Wolf, Baldwin & Associates, P.C.

Important safety reminders for career welders

Every profession comes with specific risks, but some are more dangerous than others. One job that is filled with dangers is welding. The location of the job doesn't have a direct impact on many of the hazards of the job.

Anyone who is welding should ensure that they are following proper safety protocol. Employers of these individuals should ensure that there are guidelines for the workplace and that they have proper equipment. Understanding some common hazards can help to ensure that they are sufficiently addressed.

Repetitive stress injuries

Not only do welders have to deal with the effects of being in unusual positions to get some welds completed, they also have heavy safety equipment to deal with. Traditional welding helmets are often heavier than their auto-darkening helmet. Making sure that welders are using ergonomic positions when possible can also help them to avoid cumulative trauma injuries. If you have one forming, you might notice that discomfort in the impacted area progressively worsens until it can't be ignored. Getting medical care early in this process can minimize the long-term impacts.

Burns and eye injuries

Wear a welding helmet to protect your eyes from the arc rays. Trying to weld without eye protection is dangerous because arc flash might not appear for hours after the exposure to the rays. Some helmets are auto darkening, which provides enhanced protection for the eyes.

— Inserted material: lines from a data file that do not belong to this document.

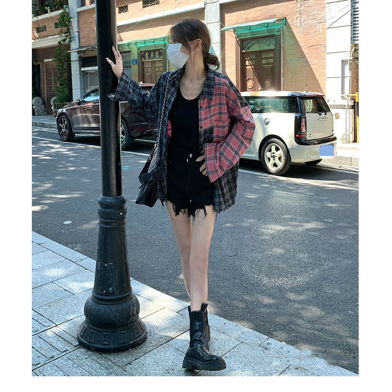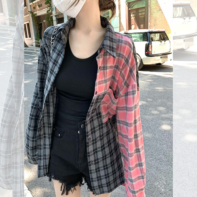 Color: pink Gray lattice shirt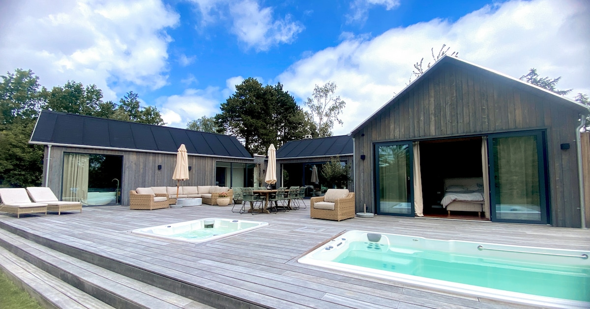 Nuova casa con spa all'aperto, vicino alla spiaggia e al bosco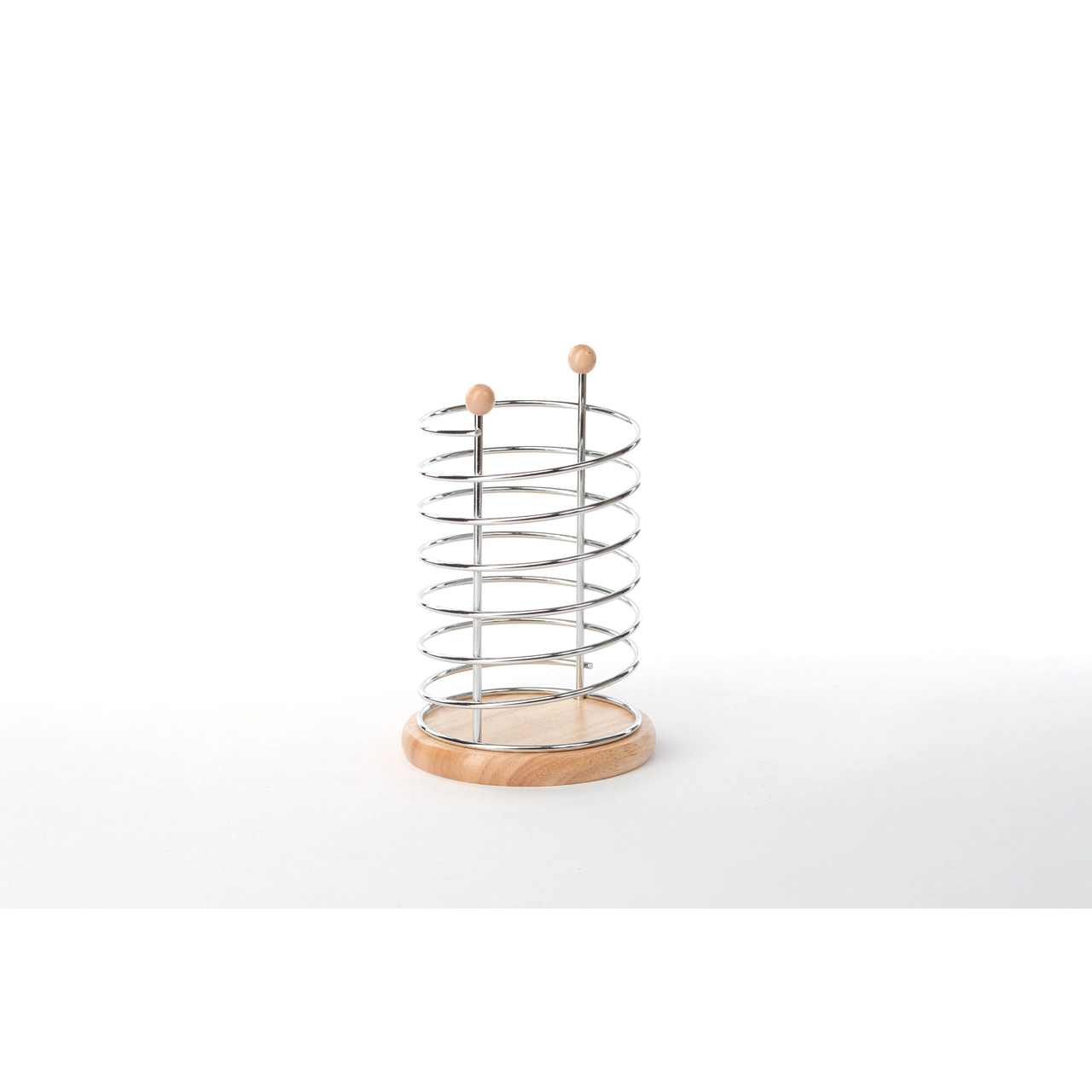 Besteckkorb, Servietten aus verchromtem Stahl mit Holzboden.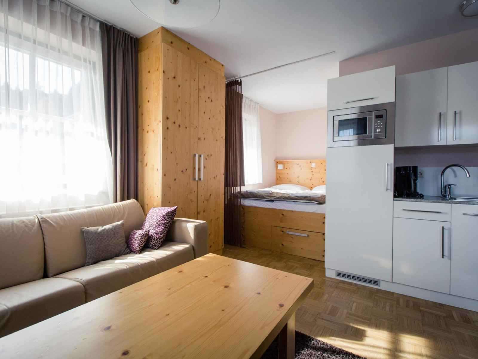 "studio 7 mit balkon" studio 25 m2. aménagement moderne et plaisant: séjour/chambre à coucher avec 1 lit double, table pour les repas et tv (satellite) (écran plat). coin cuisine (lave-vaisselle, 4 plaques vitrocéramiques, grille-pain, bouilloire électrique, micro-ondes, cafetière électrique). douche/wc. balcon. mobilier de balcon. belle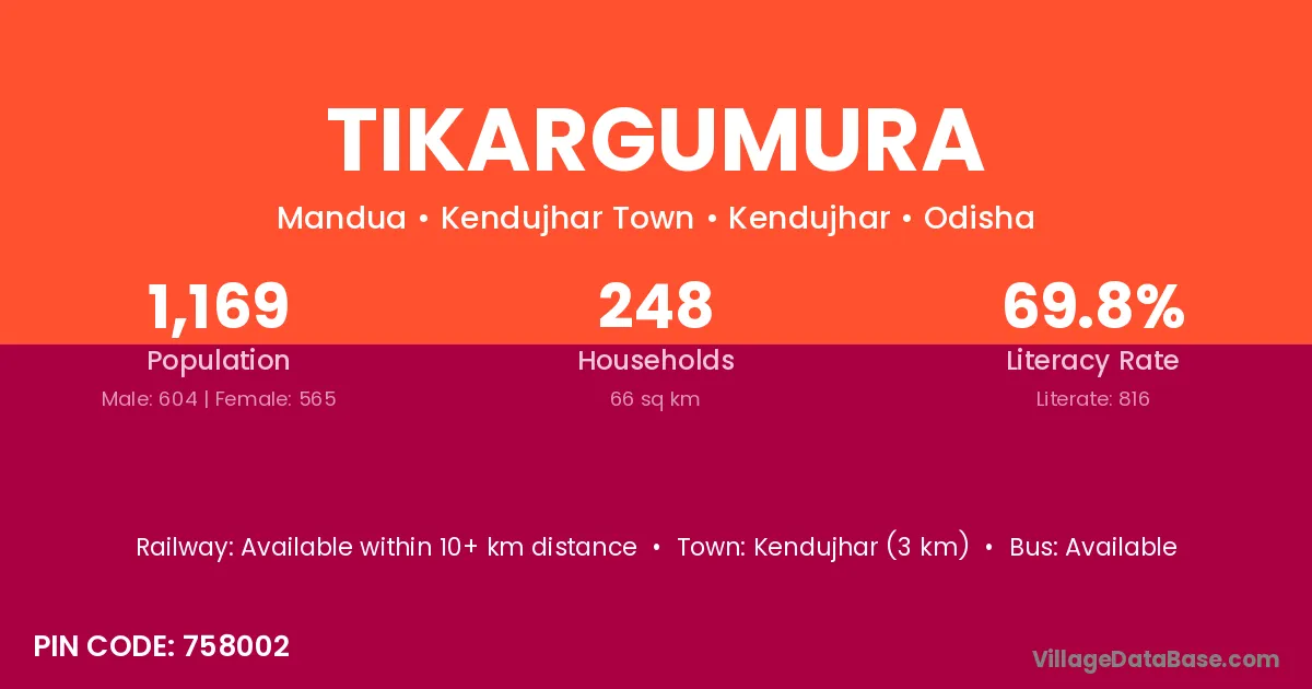 Kendujhar (3 km) is the nearest town to Tikargumura village for major economic activities and is located approximately 3 km away.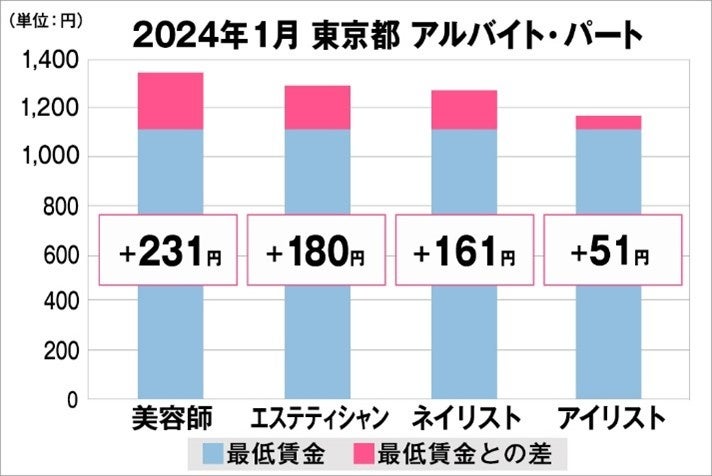2024年1月時点で『美プロ』に掲載されている「東京都」の「美容師・エステティシャン・ネイリスト・アイリスト」求人における「正社員」「アルバイト・パート」の給料を抽出。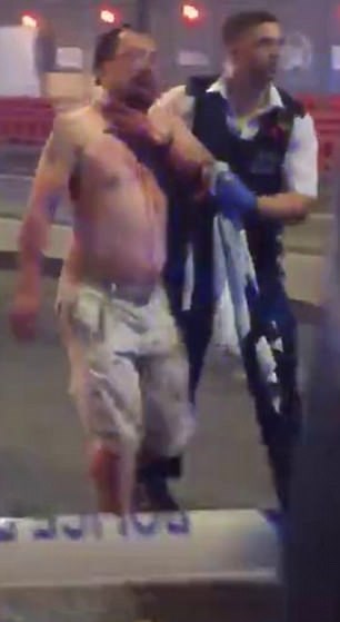 Στο σοκαριστικό βίντεο, βλέπουμε τον Geoff Ho να απομακρύνεται από το σημείο της επίθεσης, ενώ αιμορραγεί, κρατώντας τον λαιμό του.

In addition to proper eye protection, welders need to wear proper shoes and clothing. You face the risk of burns from the sparks of welding. Make sure that you have every bit of skin covered, including wearing gloves on your hands.

Respiratory challenges

The welding process causes smoke and fumes. These can pose a risk to workers who are in the vicinity, not only the welders. Any area where welding is occurring should have adequate ventilation that can remove the problematic fumes and air toxins while pulling fresh air into the space. Some welding materials have specific warnings about needing a respirator, so be sure these are being followed.

If you are a welder who is injured at work, seek medical care to learn the extent of damage and to find out your treatment plan. Workers' compensation benefits for medical care will take the stress off your finances, as can the temporary disability benefits that are possible in some cases.